We believe that the presented method for developing reference values for construction processes can be adopted by most other countries. However, the resulted estimated emissions will vary due to a series of parameters and will require further context-specific studies. The key parameters for the installation process in module A5 include energy supply, topography, ground conditions, the climate, degree of prefabrication and mechanization. The reference values for transport in module A4 are also dependent on their context. Potentially influential parameters include the geographic distribution of the construction product supply, vehicle standards, road conditions and topography.

5. Conclusions

This study investigated 52 + 9 Danish construction sites regarding carbon emissions from transport in module A4 and the construction–installation process in module A5. The method for A4 included the development of average emissions for building product groups as a first step. This was achieved by combining data from the environmental product declarations, industry data and estimations where other data were unavailable. These A4 emission coefficients were then applied in nine cases with available bills of quantities. The median result of 0.28 kgCO₂e/m²y, lying within the reported range of existing studies (0.05 and 0.72), makes up 3% of the Danish reference of 60 buildings, including the stages A1–3, B4, B6 and C3–4. Uncertainty was mainly expected in the estimation of the average transport distances and vehicle fuel consumption. The omitted aspects include return journeys and the transport of machines and waste.

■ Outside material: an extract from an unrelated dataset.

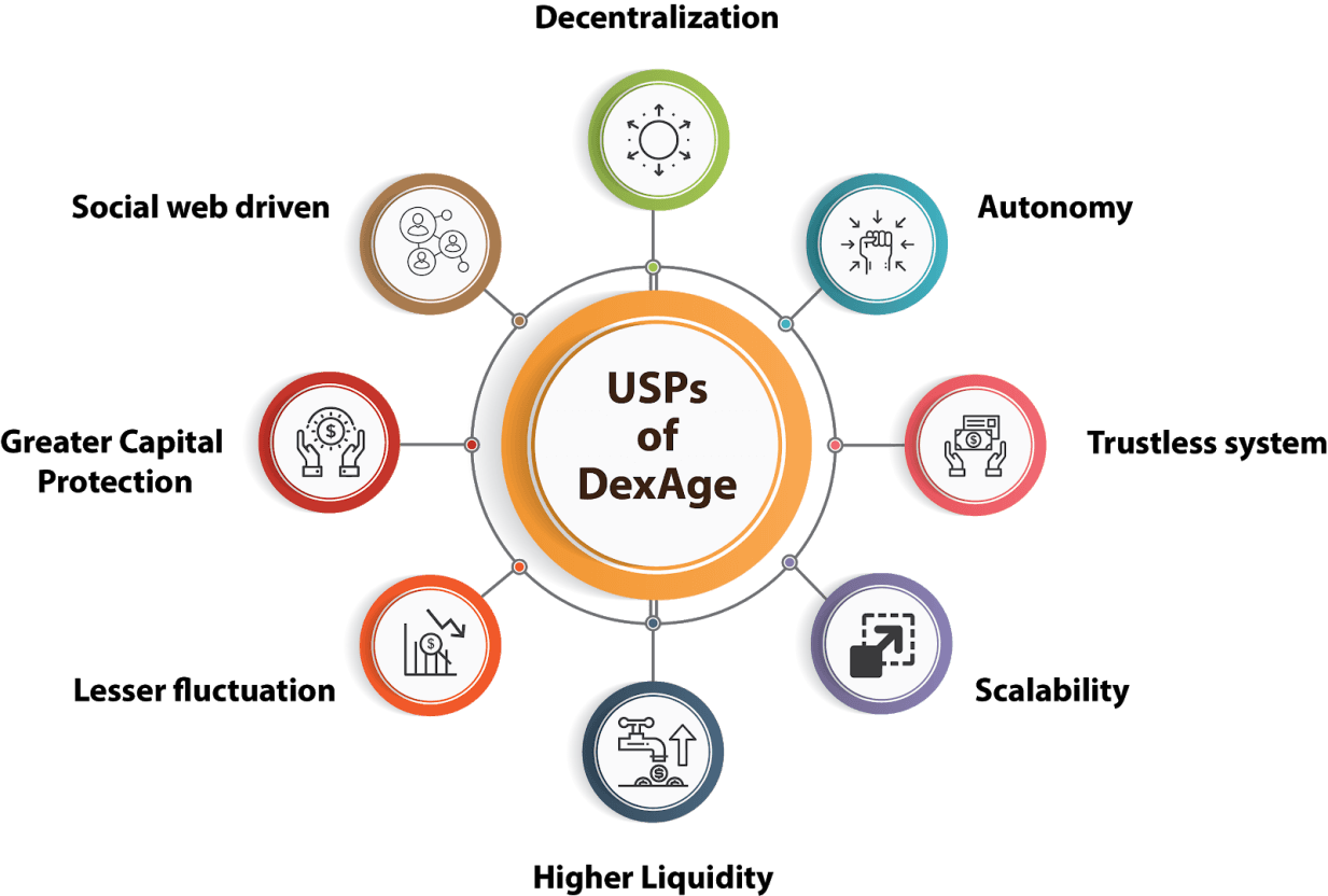 El intercambio descentralizado DexAge es un nuevo sistema autónomo y autosostenible, alimentado por la conexión social entre los comerciantes e inversores que utilizan la plataforma. El modelo de operaciones de DexAge capitaliza el poder de los usuarios y lo canaliza generando sinergias que se retroalimentan. La plataforma DXG junto con su dApp permite operar en un marco descentralizado; un enfoque que gana adeptos en la comunidad. Un entorno en línea ideado para permitir varias funciones que se describren a continuación. Los operadores, usuarios e inversores encuentran un nuevo competidor en el que intercambiar y prestar activos criptográficos.

For module A5, in total, 52 construction sites were investigated with a varying completeness of consumption reporting for electricity, fuels, heat and waste. The method for assessing grid-based energy consumption (electricity and district heating) in A5 was the combination of metered consumption with the national average emission coefficients. The fuel consumption was mostly based on central site tanks and was assessed using a generic diesel emission coefficient for diesel. The construction waste was calculated from the actual weight of the sorted categories from the cases and the developed emission factors for the waste categories based on assumptions on the included products. When adjusting for the missing values, the median value of the A5 emissions is 1.00 kgCO₂e/m²y; this also lies within the results from existing studies (0.45 and 1.43). A5 makes up 11% of the reference and therefore is identified as the most significant in this study.

More research is necessary for increasing the studied database and for investigating gaps and uncertainties. However, this study provides the most comprehensive study of construction site emissions so far, and the overall results are evaluated to be a valid reference for future studies and regulative policy.